In the quest for sustainable construction materials, a recent study has unveiled promising properties of alkali-activated blast furnace slag (BFS-AAM) that could revolutionize the energy sector. The research, led by Mehedi Rabbil from the Fiber and Particle Engineering Research Unit at the University of Oulu in Finland, compares the electromagnetic and radiation-related properties of BFS-AAM with traditional Portland cement (PC). Published in the journal ‘Materiaalien ja suunnittelun suunnittelu’ (Materials & Design in English), the findings highlight the potential of BFS-AAM for advanced electromagnetic and radiation shielding technologies.
The study explored the radio wave propagation, gamma-ray shielding efficiency, and electrical resistivity of BFS-AAM compared to PC. Rabbil and his team discovered that BFS-AAM demonstrated superior relative permittivity and loss tangent at lower radio frequencies, leading to enhanced signal attenuation. “This makes BFS-AAM particularly suitable for secure signal environments,” Rabbil explained. The material’s performance was comparable to PC at higher frequencies, indicating its versatility for various applications.

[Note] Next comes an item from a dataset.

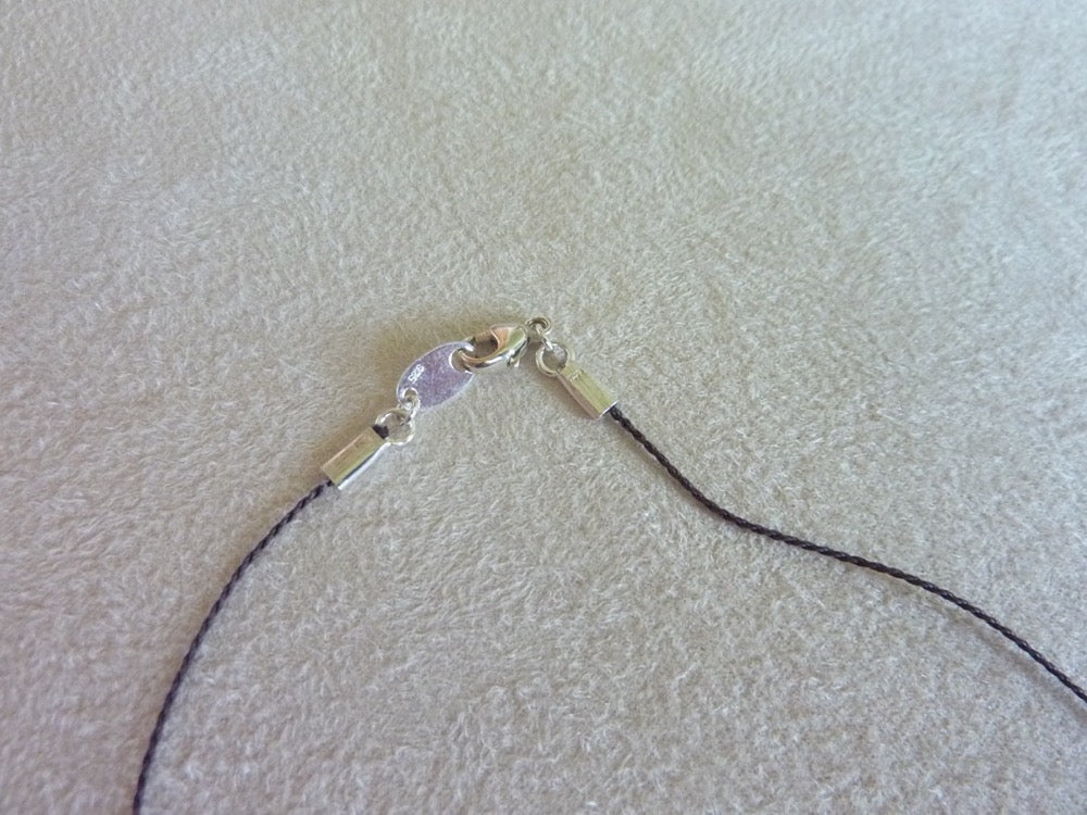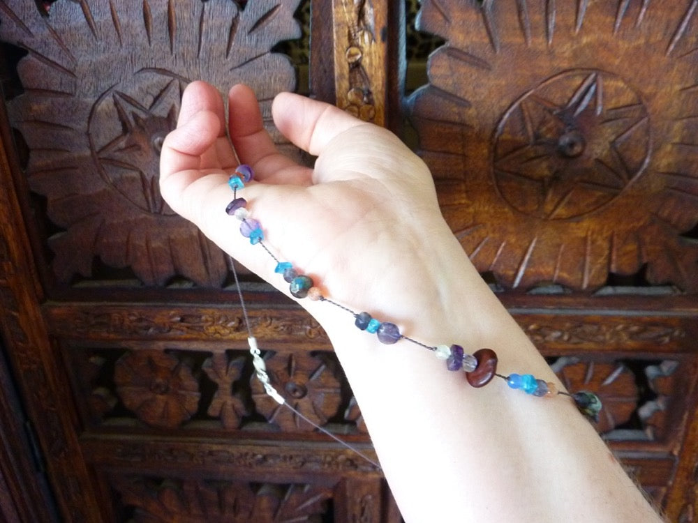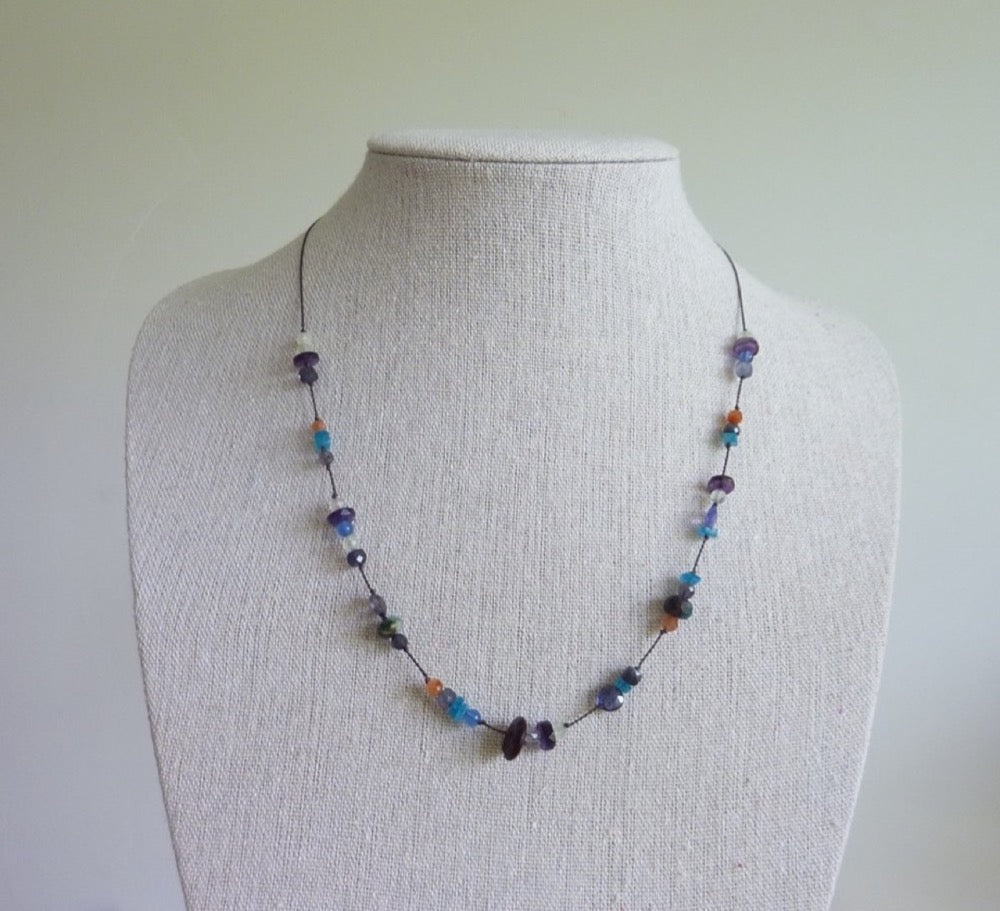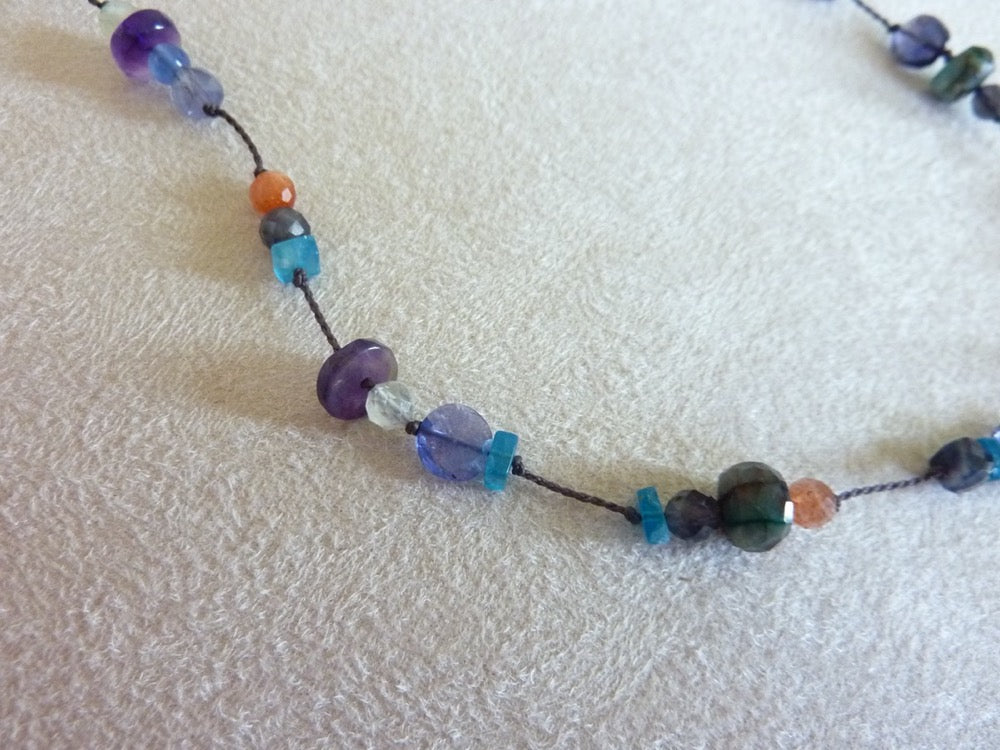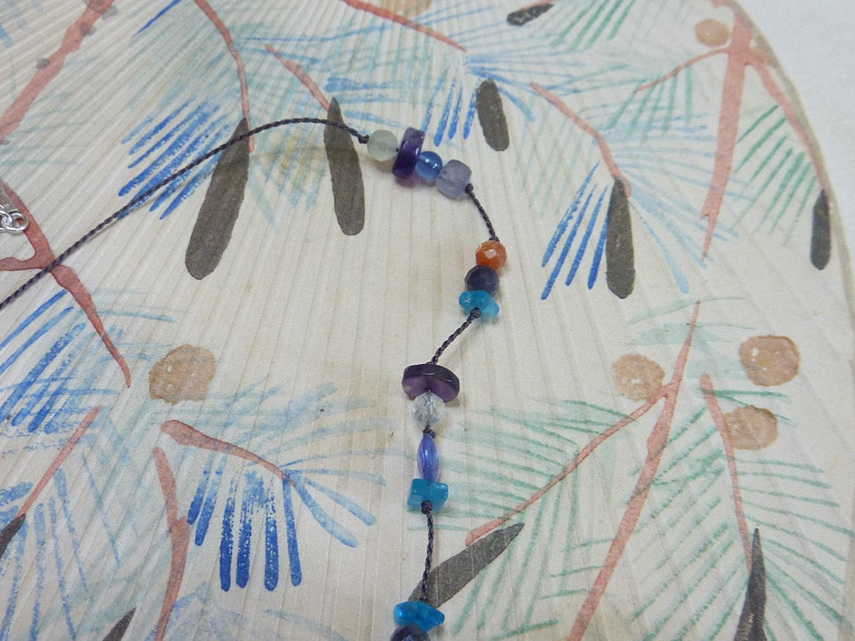Délicat collier de fines pierres semi-précieuses nouées le long d'un fil de soie gris anthracite.

In the terahertz spectrum, relevant for 6G wireless communication, both materials displayed comparable permittivity and loss tangent, suggesting compatibility with residential and commercial applications. Simulations confirmed higher signal attenuation by BFS-AAM at 0.7, 2.4, and 6.0 GHz, further emphasizing its potential.

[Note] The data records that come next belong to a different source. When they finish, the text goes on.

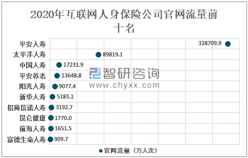 2020年互联网人身保险公司官网流量前五名依次为平安人寿、太平洋人寿、中国人寿,平安养老、阳光人寿,官网流量依次为328709.9万人次、89819.1万人次、17231.9万人次、13648.8万人次、9077.4万人次。
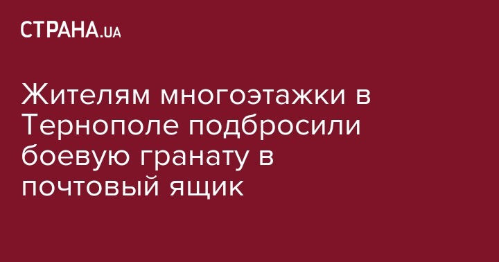 В спальном районе Тернополя 17 ноября неизвестный подложил в почтовый ящик одного из подъезда по улице 15 Апреля боевую гранату. Ее обнаружили и обезвредили сотрудники полиции. Об этом сообщает сайт "20 минут".
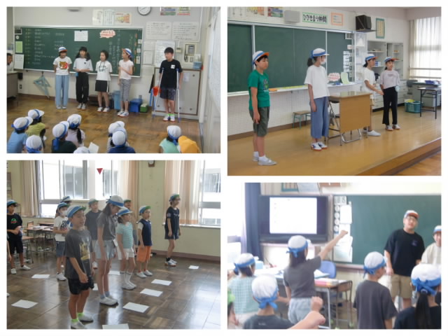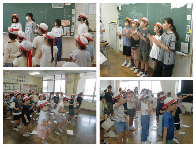 | 朝の活動時間に1年生と6年生による異学年交流が行われました。校内体育大会に向けて、一生懸命 応援や応援歌を教えてくれる6年生にたいして、1年生から感謝の気持ちを込めて |
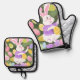 bunny with easter eggs oven mitt & pot holder set
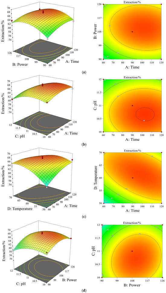 As shown in Figure 2, the contour plots and RSM analysis revealed significant interactions between the factors. The degree of interaction was indicated by the ellipticity of the contour lines, with more elliptical contours representing stronger interactions. Similarly, the steepness of the RSM reflected the intensity of the factor effects, where steeper surfaces correspond to more pronounced interactions [30]. The RSM results showed that with increasing levels of A, B, C, and D, the SPP extraction yield first increased and then decreased, which was consistent with the results presented in Table 2. The optimal SPP extraction conditions obtained through RSM screening were as follows: an ultrasonic time of 120 min, a power of 115 W, a temperature of 54 °C, and pH of 10.5. The predicted theoretical extraction yield of SPP under optimized conditions was 68.139%. To verify the optimization, three parallel experiments were conducted under an ultrasonic time of 120 min, a power of 115 W, a temperature of 54 °C, and pH of 10.5. The average SPP extraction yield from three parallel experiments reached 68.087%, which closely matched the predicted value (68.139%). This confirmed the adequacy of the response model for the optimization process [31]. And compared with the untreatment group (60.977%), the extraction yield significantly increased by 7.11% (p < 0.05).
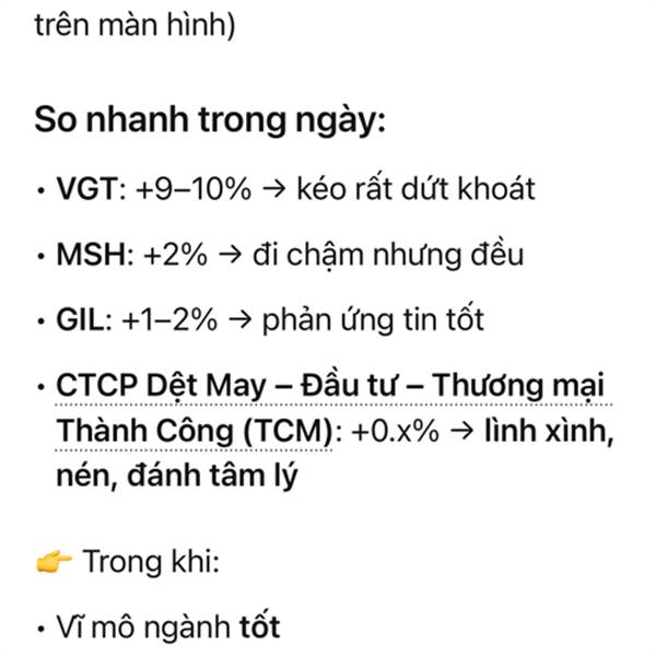 Vì sao Tcm là cổ phiếu lừa đảo nhà đầu tư cá nhẫn.Khi nghành xanh tím nó đè cho xanh nhẹ 0,5 thôi còn khi nào dệt may điều chỉnh đấy là lúc nó tát nước theo mưa ép cho ai cầm hàng đều phải cắt lỗ sạc...Thêm
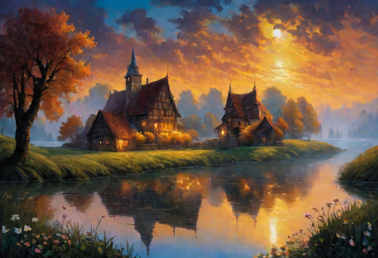 score_9, score_8_up, score_7_up, score_6_up, score_5_up, score_4_up, masterpiece, highres, highly detailed, oil painting, precice brushstrokes, cinematic lighting, lake, autumn, forest, moon rising, sky, a medieval village by the lake, evening, nature, river, clouds, flowers, dark fantasy page, fog, ducks in the pond
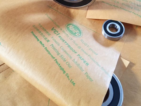 4、包裝過程---將含有緩蝕劑的面朝向金屬包裝,不覆膜防銹紙可作為金屬產(chǎn)品間墊層隔材使用,以免其他材質(zhì)阻隔材料含S、CL化學(xué)成分,影響防銹效果
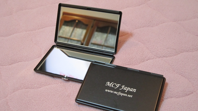 [ 仕様 ] サイズ 90×58mm、ガラスミラー(2枚)、アルミ製ケース、ブラックアルマイトメッキ
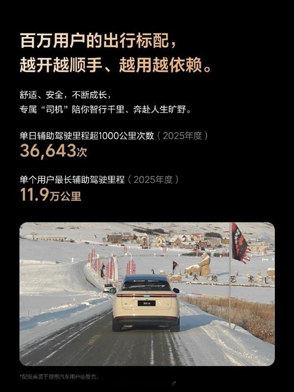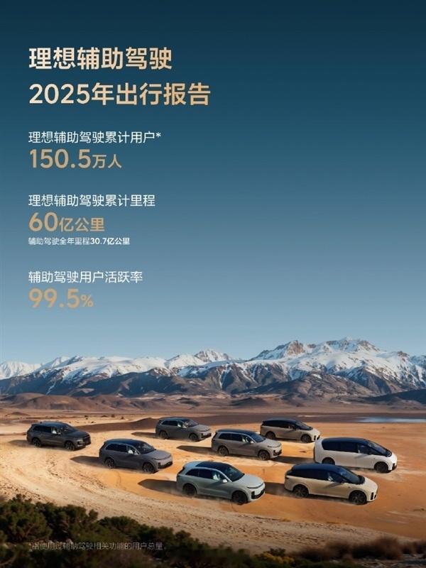 【累计行驶超60亿公里!理想公布2025年辅助驾驶出行报告】今日,理想汽车公布理想辅助驾驶2025年出行报告。报告显示,理想辅助驾驶累计用户达到150.5万人,累计里程60亿公里,其中全年里程为30.7亿公里。2025年理想辅助驾驶用户活跃率高达99.5%。
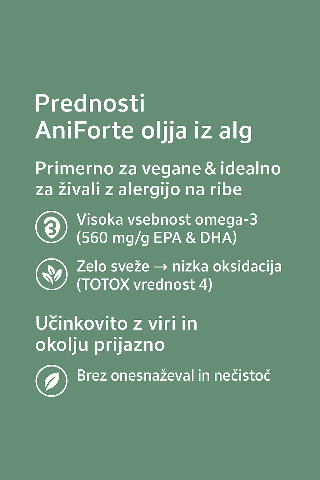 AniForte® olje iz alg je veganska alternativa ribjemu olju za pse, mačke in konje, ki imajo alergijo ali intoleranco na ribe. Vsebuje visoko koncentracijo omega‑3 maščobnih kislin EPA in DHA (560 mg/g), ki podpirajo vitalno kožo, močne kosti in sijočo dlako. Izdelek nastaja z ekološko fermentacijo alg, je okolju prijazen proces brez nepotrebnih odpadkov.
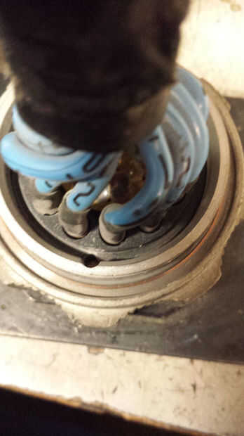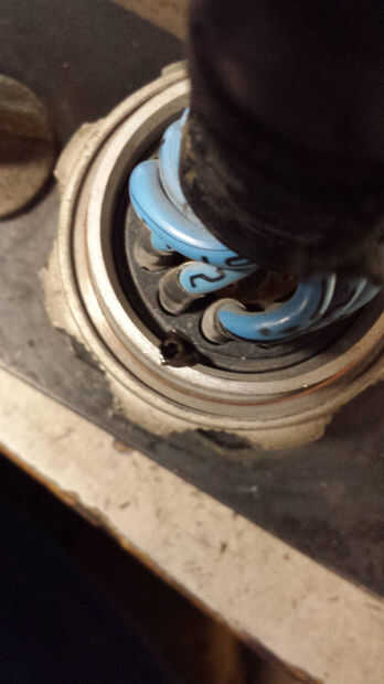 se verá un anillo de retención con una ficha pequeña sobresale de acero circular. Solo con cuidado jale fuera de la ranura pequeña. Esto libera el disco de contacto que ahora puede ser quitado fácilmente tirando suavemente del cable. Busque el lugar que el quid de la alineación del disco ha sido interrumpido. Está a medio camino entre uno y doce. (enfrente del quid de la alineación de conector mencionado anteriormente.

Beyond electromagnetic properties, BFS-AAM exhibited higher resistivity, greater compressive strength, and lower porosity. “These characteristics contribute to its favorable dielectric properties and make it a promising candidate for advanced technologies,” Rabbil noted.
While BFS-AAM demonstrated slightly lower gamma-ray shielding efficiency than PC, its multifunctional properties position it as a promising material for the future. The research suggests that BFS-AAM could play a significant role in the development of sustainable and efficient construction materials for the energy sector.
As the world continues to seek sustainable solutions, the findings of this study offer a glimpse into the potential of BFS-AAM. The material’s superior properties and versatility make it a compelling option for advanced electromagnetic and radiation shielding technologies, paving the way for innovative developments in the field.